There are many essential ways to improve your AdWords account’s performance, but one of my favorites is ad testing. When I review people’s existing AdWords accounts, one of the most common bad habits I see is running just one ad per Ad Group. This is a missed opportunity. You’re losing revenue and ROI by not testing ads.

Ad Testing has huge benefits for the advertiser:

  • Discover scientifically which offer gets the best response from your prospects
  • Increase CTR and quality score
  • Increase conversion rates
  • Improve your ROI
  • Outshine your competitors

Once you decide to start running more than one ad per Ad Group, you might ask:

  • How many ads should I run?
  • How long should I run them?
  • Should I test offers or copy changes first?

In this post, I’m going to answer the first two questions-

How many ads should you test and for how long should you run them?

It depends on your click volume: how many clicks your ad group gets per month. Each keyword gets a different numbers of searches per month, so each Ad Group gets a different number of searches per month.

Let’s look at an example:

adgroupclicks

This is one month of clicks per ad group in one of our client’s PPC accounts. Ad Group names are blurred out to protect our client’s competitive advantages. But you can see that clicks per month range from as low as zero, seven, or 22 to as high as almost 13,000.

Calculating The Number of Ads to Run Based on Click Volume

Generally speaking, I like to see 100 clicks per ad before I compare their CTR to decide which to keep. If you want to test your ads monthly, then all you need to do is divide the number of clicks per month by 100, and that tells you the maximum number of ads you should run per month.

# of ads to run = # of clicks per month / 100

For the ad group that gets 300 clicks per month, you can run three ads. For the one that gets 12,700 clicks per month, you can run 120 ads. That’s a lot of ads. I normally test from two to five ads at a time. If you want to run 120 ads, that’s going to take a lot more creativity and planning, but it might be the right move in some cases.

If you want to be more aggressive but less sure of your data, you can judge ads after only 50 or 75 clicks.

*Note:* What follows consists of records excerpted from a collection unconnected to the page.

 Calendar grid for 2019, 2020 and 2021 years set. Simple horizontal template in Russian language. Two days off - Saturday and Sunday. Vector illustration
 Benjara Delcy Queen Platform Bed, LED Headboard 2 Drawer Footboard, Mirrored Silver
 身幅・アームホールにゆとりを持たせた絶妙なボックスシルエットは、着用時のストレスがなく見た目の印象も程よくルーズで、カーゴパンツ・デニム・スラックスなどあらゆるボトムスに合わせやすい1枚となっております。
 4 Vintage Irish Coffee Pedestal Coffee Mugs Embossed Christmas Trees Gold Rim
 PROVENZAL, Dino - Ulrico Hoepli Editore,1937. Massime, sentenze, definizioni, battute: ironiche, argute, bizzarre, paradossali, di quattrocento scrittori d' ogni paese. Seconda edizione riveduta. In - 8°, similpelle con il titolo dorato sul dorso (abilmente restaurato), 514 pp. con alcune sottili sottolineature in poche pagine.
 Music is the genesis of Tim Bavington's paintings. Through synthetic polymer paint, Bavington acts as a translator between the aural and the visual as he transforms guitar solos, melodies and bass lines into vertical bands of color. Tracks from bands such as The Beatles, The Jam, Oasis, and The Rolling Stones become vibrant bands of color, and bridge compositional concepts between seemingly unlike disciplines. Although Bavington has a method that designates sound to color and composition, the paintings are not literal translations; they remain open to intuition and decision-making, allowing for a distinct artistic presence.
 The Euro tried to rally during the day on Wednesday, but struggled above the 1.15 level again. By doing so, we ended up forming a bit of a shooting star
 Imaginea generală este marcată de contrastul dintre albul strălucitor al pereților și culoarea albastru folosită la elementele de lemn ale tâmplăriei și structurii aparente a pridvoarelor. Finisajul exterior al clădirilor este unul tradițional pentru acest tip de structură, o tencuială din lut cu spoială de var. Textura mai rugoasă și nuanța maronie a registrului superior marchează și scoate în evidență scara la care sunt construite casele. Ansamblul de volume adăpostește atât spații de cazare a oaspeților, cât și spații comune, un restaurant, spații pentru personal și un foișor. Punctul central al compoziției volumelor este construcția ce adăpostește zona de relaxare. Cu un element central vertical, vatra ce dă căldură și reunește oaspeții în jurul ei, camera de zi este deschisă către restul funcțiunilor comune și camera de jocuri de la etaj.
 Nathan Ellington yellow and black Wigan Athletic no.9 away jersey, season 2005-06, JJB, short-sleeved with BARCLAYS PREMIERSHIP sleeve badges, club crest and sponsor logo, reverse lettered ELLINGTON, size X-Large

You can also calculate how expensive your tests will be:

Avg CPC * 200 = Minumum cost to test two ads

Don’t freak out about spending $500 to test two ads. You would spend the $500 anyway- the question is whether you come out learning something that will improve your results going forward. It’s typical to find ads that produce 2-5 times the ROI of others. That $500 you spent and the time you spent doing ad testing could easily increase your profit by $1500 the next month.

How Not to Screw Up Your Ad Testing

It’s best if other things are NOT optimized at this time. If you add or remove keywords from the ad group in the middle of the month, this will affect your ad’s statistics. Some ads might work better with the set of keywords before you changed them, and some work better with the modified set. This creates a confusion and divides your ad testing into two more tests- do you get enough clicks monthly to do that? Planning what’s going to be tested ahead of time and not changing things willy nilly makes for less headaches later when you try to understand the results.

Same goes for landing pages- if you start testing a variety of landing pages using Website Optimizer, you’re adding complexity to the mix that makes your data less reliable. The goal is to find out which ads work best for prospects searching a set of related keywords, so keep keywords and landing pages stable while testing ads.

Judging Ads for Conversions

In the end, you want the ads that produce the best ROI. You probably want great CTR, great Quality Score, great Conversion Rate, great Average Sale, and great ROAS or ROI. So, judge ads by both CTR and conversion metrics. To me, the best situation is one where you can check ROAS (revenue divided by ad cost) for each ad. To compare ads this way, you’ll have to run a report… ROAS for ads is not shown in the normal interface.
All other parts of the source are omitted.